Ama sen Dano Bundy'nin torununun torununun torunu değilsin.
- Viva! Mas tu não és o bis-bis-bisneto do Dan " I Bundy.
" ( Belçika'daki ) Maas'tan ( Rusya'daki ) Memel'e...
Von der Maas bis an die Memel,
"( Avusturya'daki ) Etsch'den ( Danimarka'daki ) Belt'e"
Von der Etsch bis an den Belt :
Tekrar söyle!
- Bis!
Ve senin büyük, büyük, büyük büyük anneni bir zenci tokmaklamış. Ve yarı zenci bir çocuğu olmuş. Şimdi...
E a sua bis, bis, bis, bis... bisavó fodeu um preto... e teve um filho meio preto.
Tekrar!
Bis!
Bir bis daha yapacağım.
Bom, que tal um bis?
- Kimliklerinizi bana verin.
- Deem-me os vossos bis.
- Vay be.
Bis!
Barre Cad. Parkın yanında. 37 A Barres Caddesi.
Boulevard Maurice Barrés, eu sabia que era no Bois, 57 bis, Boulevard Maurice Barrés, em Neuilly.
Mangal yapacagiz.Kertenkele sandovici.
Há-há churrascos com bis-biscoitos de massa.
Ama hep gülümsüyordu. Bana torunlarının çocuklarının resimlerini gösterdi.
Mostrou-me fotografias dos seus bis-netos.
- Çok güçlü bis düzen efendisi.
- Ele é um Senhor do Sistema muito poderoso.
Bethany, sen Kutsal İsa'nın... büyük-büyük-büyük-büyük-büyük-büyük - büyük-büyük-büyük-büyük-büyük yeğenisin.
Bethany, é a... bis-bis-bis - bis-bis-bis... bis-sobrinha de Cristo.

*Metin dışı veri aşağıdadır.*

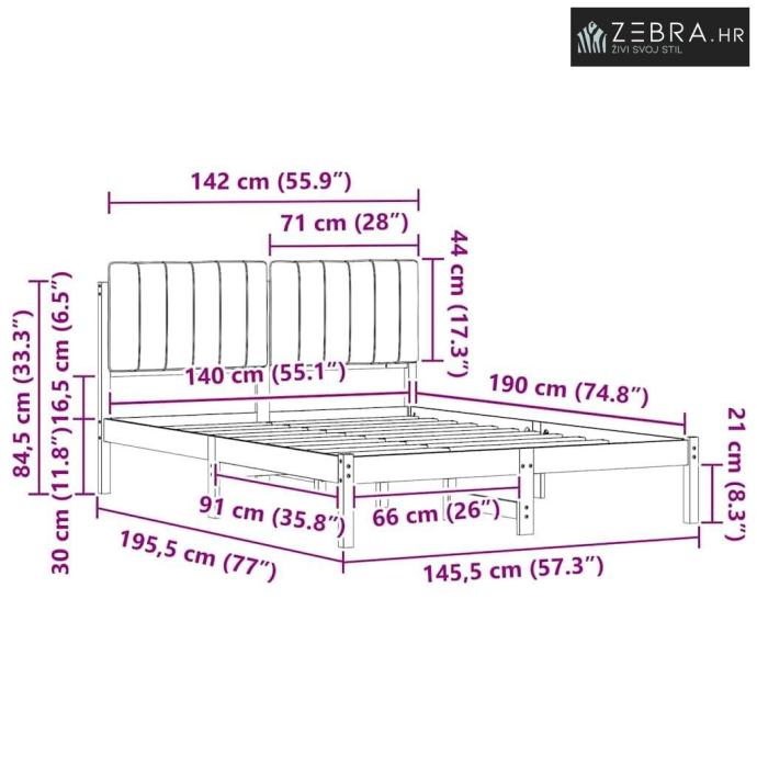 Veličina madraca: Kratki dvostruki (140 cm x 190 cm / 55" x 75")
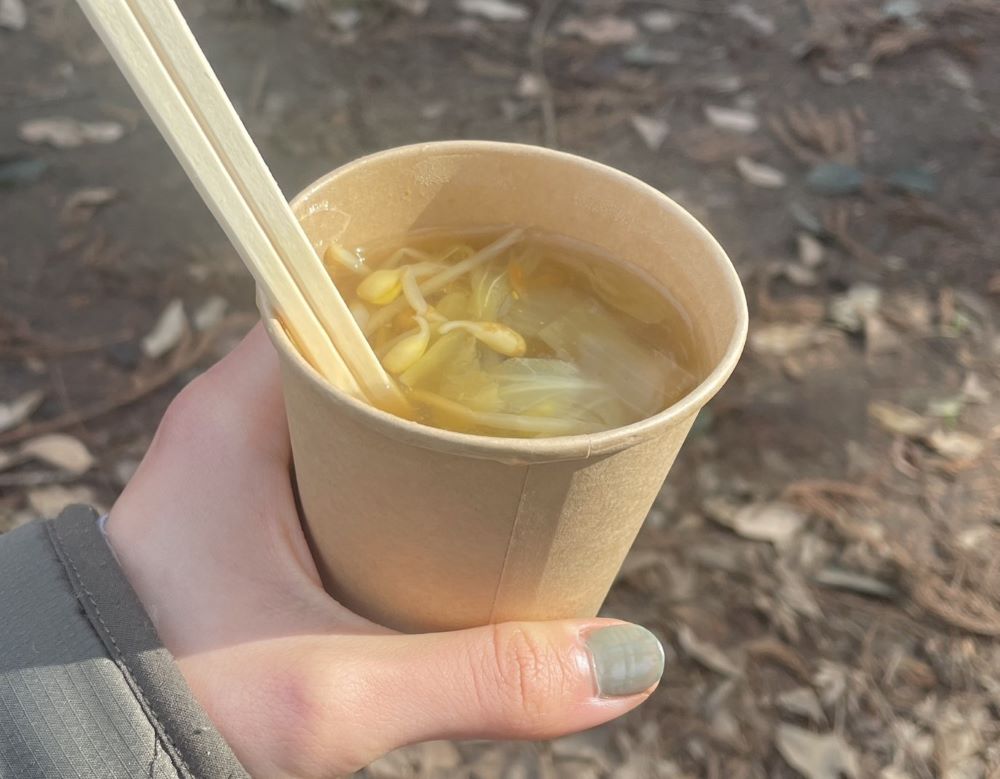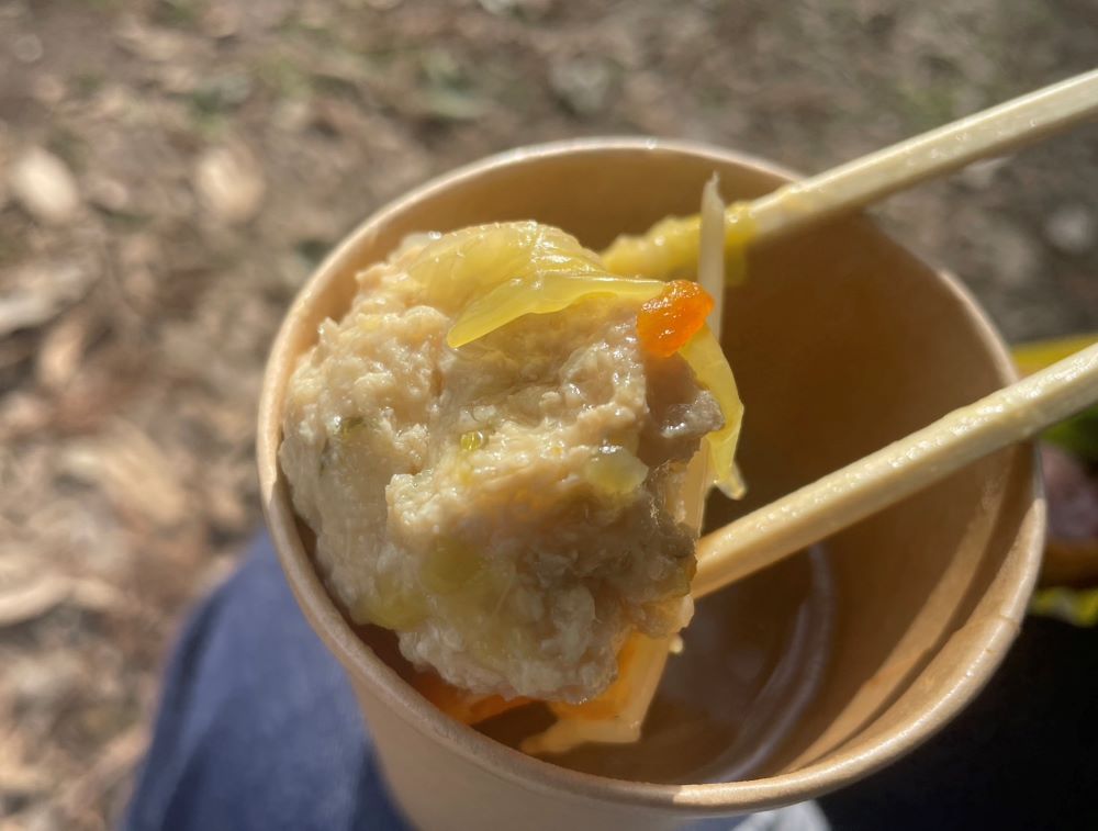 紙コップサイズの小さなスープにもかかわらず、野菜たっぷりで食べ応えバツグンです。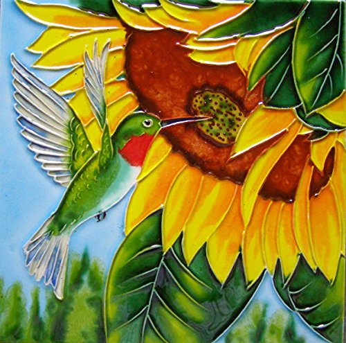 Continental Art Center BD-2334 Art Tile 8x8 Art Tile- Hummingbird & Sunflower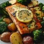 Zitronenbutterlachs mit Kartoffeln und Brokkoli ist einfach zuzubereiten und benötigt nur 30 Minuten von der Vorbereitung bis zum Servieren. Es ist ein tolles Gericht, das sowohl geschmacklich als auch optisch begeistert.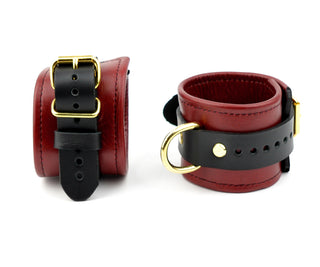 Premium Restraint Set Wrist-Ankle Cuffs And Collar + Cross Connector - Scarlet Red and Gold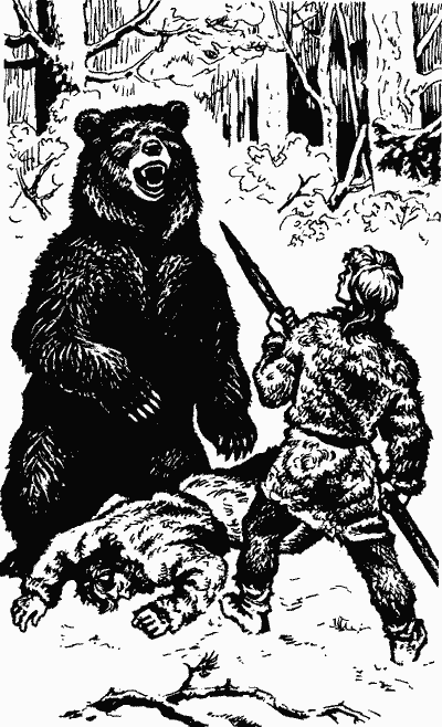 В это время подоспел Тэкту и ткнул медведя рогатиной. Этот удар был уже лишним: копье Уоми и без того пробило медведю сердце.
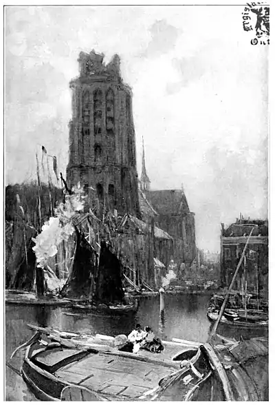 There is no delight so keen to an artist as returning to a place he has once painted and loved. I have known Dort and the little 'drecht across the way for some fifteen years, five of which have slipped by since I last opened my umbrella along its quaint quays. To my great joy nothing has changed. The old potato boat still lies close to the quay, under the overhanging elms. The same dear old man and his equally dear old wife still make their home beneath its hipped roof. I know, for it is here I lunch, the cargo forming the chief dish, followed by a saucer of stewed currants, a cup of coffee—(more hymns here)—and a loaf of bread from the baker's. The old Groote Kirk still towers aloft—the highest building in Holland, they say; the lazy, red-sailed luggers drift up and down, their decks gay with potted plants; swiss curtains at the cabin windows, the wife holding the tiller while the man trims sail. The boys still clatter over the polished cobbles—an aggressive mob when school lets out—and a larger crop, I think, than in the years gone by, and with more noise—my umbrella being the target. Often a spoilt fish or half a last week's cabbage comes my way, whereupon Bob awakes to instant action with a consequent scattering, the bravest and most agile making faces from behind wharf spiles and corners. Peter used to build a fence of oars around me to keep them off, but Bob takes it out in swearing.

Kredi kartları ve kimlikleri için aileleri öldürmüş.
Chacinou famílias para lhes roubar os cartões de crédito e bis.
Önemli olan takip edilmemek için farklı yerlerde farklı kredi kartı ve kimlikler kullanmaktı.
O truque era usar os cartões e os BIs em locais diferentes, para que não fosse localizado.
Devam et.Ne kadar şiirsel.
Bis! Que doçura! Isso é poesia.
- Bir daha, harika.
- Bis? Maravilhoso.
Bir daha, bir daha...
Bis, bis.
# # Bağırır, çığlık atar, devam etmemiz için yalvarırlardı
Gritando e pedindo bis da atração...
# # Daha fazlası için yalvaracaklar
Eles vão pedir bis...
Bis yapacaklar.
Vão fazer um encore.
Bis ağladık kıymetlim.
E chorámos, precioso.
Bis değildik.
Não fomos nós!
Bis değildik!
Não fomos nós!
Tekrar! Tekrar!
Bis, bis!
- Seyirciler sahneye çağırıyor.
- Escola do Rock! - Estão a pedir bis.
Von der Maas bis an die Memel
Von der Maas bis an die Memel
Von der Etscch bis an den Belt
Von der Etsch bis an den Belt
Bu oda için nakit ödeme aynı nedenle : resim kimlikler olmadan, çünkü hiçbir kredi kartları var, biz hiçbir şey yok. biz yok gibi lt var.
Pela mesma razão que pagamos em dinheiro pelo quarto : porque, sem bis, não temos cartões de crédito, não temos nada. É como se não existíssemos.
Finalde yine nasıl ışıldayacağını düşün.